Second, non-mining investment is now rising. Comparing corporate investment plans for this financial year with those made a year ago points to a decline in business investment this year of around 3% (see next chart) and a similar sized rise in 2018-19. But this is the best it’s been since 2013 & once mining investment is excluded this turns into an 8% gain for non-mining investment in both years.
- Third, public investment is rising strongly, reflecting state infrastructure spending.
- Fourth, net exports are likely to add to growth as the completion of resources projects and strong global demand boosts resources export volumes and services sectors like tourism and higher education remain strong.
- Finally, profits for listed companies are rising. This is a positive for investment.
While profit growth has slowed from 16% in 2016-17 to around 7% now as the 2016-17 surge in commodity prices dropped out, more companies (74%) are seeing profit gains than at any time since before the GFC. 92% of Australian companies either raised or maintained their dividends in the most recent reporting season indicating a high degree of confidence in the earnings and growth outlook.
So while housing is slowing and consumer spending is constrained (with January retail sales data suggesting consumer spending this year is off to a weak start), a lessening drag from mining investment and stronger non-mining investment (both public and private) along with solid export growth are likely to keep the economy growing and see a pick-up in growth to between 2.5% and 3%. However, growth is likely to remain below Reserve Bank of Australia expectations for a pick up to 3.25% this year and next. As a result, and with wages growth and inflation likely to remain low for a while yet we have pushed out the expected timing for the first RBA rate hike from late this year into February next year.
Implications for investors
There are several implications for Australian investors.
First, continuing growth should provide a reasonable backdrop for Australian growth assets. Australian shares are vulnerable to the concerns impacting global markets – particularly US inflation and Fed fears and worries about a trade war – but we remain of the view that the ASX 200 will be higher by year end.

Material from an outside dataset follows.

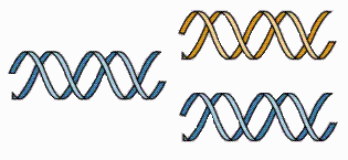 Man geht davon aus, dass nach der Replikation neben dem alten DNS-Doppelstrang ein kompletter neuer DNS-Doppelstrang aufgebaut wurde. |
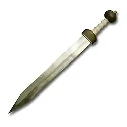 По иной технологии был изготовлен романо-этрусский меч типа gladius Hispaniensis IV в. до н. э. длиной 40 см, найденный в Кьюзе. Его листовидный клинок был выкован из цельной железной заготовки и подвергнут науглероживанию (нагревание железной заготовки в замкнутой ёмкости с органическими веществами, в результате чего происходит насыщение её наружных слоёв углеродом), в результате чего содержание углерода варьируется от 0,05…0,08 % в глубине до 0,35…0,4 % на лезвиях — последняя цифра по современным стандартам соответствует среднеуглеродистой стали. Тем не менее, оба меча отличались в целом невысоким качеством металла, с большим количеством примесей в виде вкраплений шлака.

Second, bank deposits are likely to provide poor returns for investors for a while yet. The issue for investors in bank deposits is to think about what they are really after. If it’s peace of mind regarding the capital value of their investment, then maybe stay put. But if it’s a decent income yield then there are plenty of alternatives providing superior yield. The yield gap between Australian shares and bank deposits remains wide.
Third, while Australian shares are great for income, global shares are likely to remain outperformers for capital growth. Global shares have been outperforming Australian shares since October 2009 and over the last five years have outperformed in local currency terms by nearly 4% pa and by 9% pa in Australian dollar terms. This reflects relatively tighter monetary policy in Australia, the commodity slump, the lagged impact of the rise in the $A above parity in 2010, and a mean reversion of the 2000 to 2009 outperformance by Australian shares. While earnings growth in Australia is around 7%, it’s double this globally, suggesting the relative underperformance of Australian shares in terms of capital growth may go for a while yet. Which all argues for a continuing decent exposure to global shares.
Finally, the risks remain on the downside for the $A. With the RBA comfortably on hold and the Fed set to raise rates later this month with four hikes this year in total, the interest rate gap between Australia and the US will go negative and keep falling this year. Historically this has been associated with falls in the value of the Australian dollar. Fears of a global trade war may add to this risk given Australia’s relatively high trade exposure. All of which is another reason to maintain a continuing decent exposure to global shares but on an unhedged basis.